Scholars welcome proposals for 'serendipitous' spaces

In the midst of the digital revolution, academy still needs the human touch. Melanie Newman writes

February 18, 2010

The future of learning may be digital, but right now academics need more time and space to meet in person.

Delegates at the Leadership Foundation's higher education leadership summit in London last week applauded The Open University's plans for "blending digital lifestyles and digital work styles", but cheered proposals for souped-up meeting rooms louder still.

Martin Bean, the OU's vice-chancellor and a former Microsoft executive, kicked off the conference on 11 February by calling on universities to use technology to tap into a growing appetite for informal learning.

"Today, higher education is built around institutional accreditation with predefined steps and paths - you come in and you do it our way," he said. But this is a barrier to expansion, he suggested.

"Imagine what will happen when ... informal learners - who are already highly motivated - start getting access to snippets rather than full courses from any institution in the world direct to their mobile devices," he said.

Sir Tim O'Shea, principal and vice-chancellor of the University of Edinburgh, questioned whether this model would enable an informal learner with an interest in solid-state physics to manage the "disciplined hill path" from algebra to functions to calculus to Fourier analysis.

But Mr Bean said: "We are coming at it through mentors, guidance, prescriptive pathways and platforms that point people to where they would logically go next.

"It's almost as if the systems now need to do the same as we currently do face to face and on the phone with new students."

Despite this technical wizardry, it seems that online spaces are not what academics want in 2010: instead, many want real spaces to talk.

In a Dragons' Den-style session, Geoffrey Crossick, warden of Goldsmiths, University of London, and Jose Chambers, assistant vice-chancellor of the University of Winchester, pitched ideas for "collaborative spaces".

Professor Crossick advocated a "Heidegger Centre": an off-campus "space for interaction" where academics, postgraduates and "external players" could have "serendipitous encounters" across disciplines.

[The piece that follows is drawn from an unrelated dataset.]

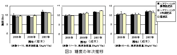 3.有機物をウンシュウミカン園に省力的に補給できるため、傾斜地園ではヘアリーベッチ草生栽培の導入が有効である。

Academics would bid for time in the centre, work on five or six projects and leave as soon as they obtained a grant.

Asked whether the centre should be online, Professor Crossick said: "It's people in a room together that produce the best outcomes."

Professor Chambers also called for "serendipitous encounters", but did not want academics to have to plan them in advance.

She said the "well university" was not merely one where the physical wellbeing of staff was looked after: "It's one where there is space for meeting and living the life of the mind."

In another session, Susan Greenfield, professor of synaptic pharmacology at the University of Oxford, said that children who spend a large proportion of their time in front of computer screens may not gain the variety of experience necessary for creativity.

Cyberspace is no substitute for real-life complexity, she said: "People with autism are more comfortable with avatars ... You can't have good eye contact in Second Life."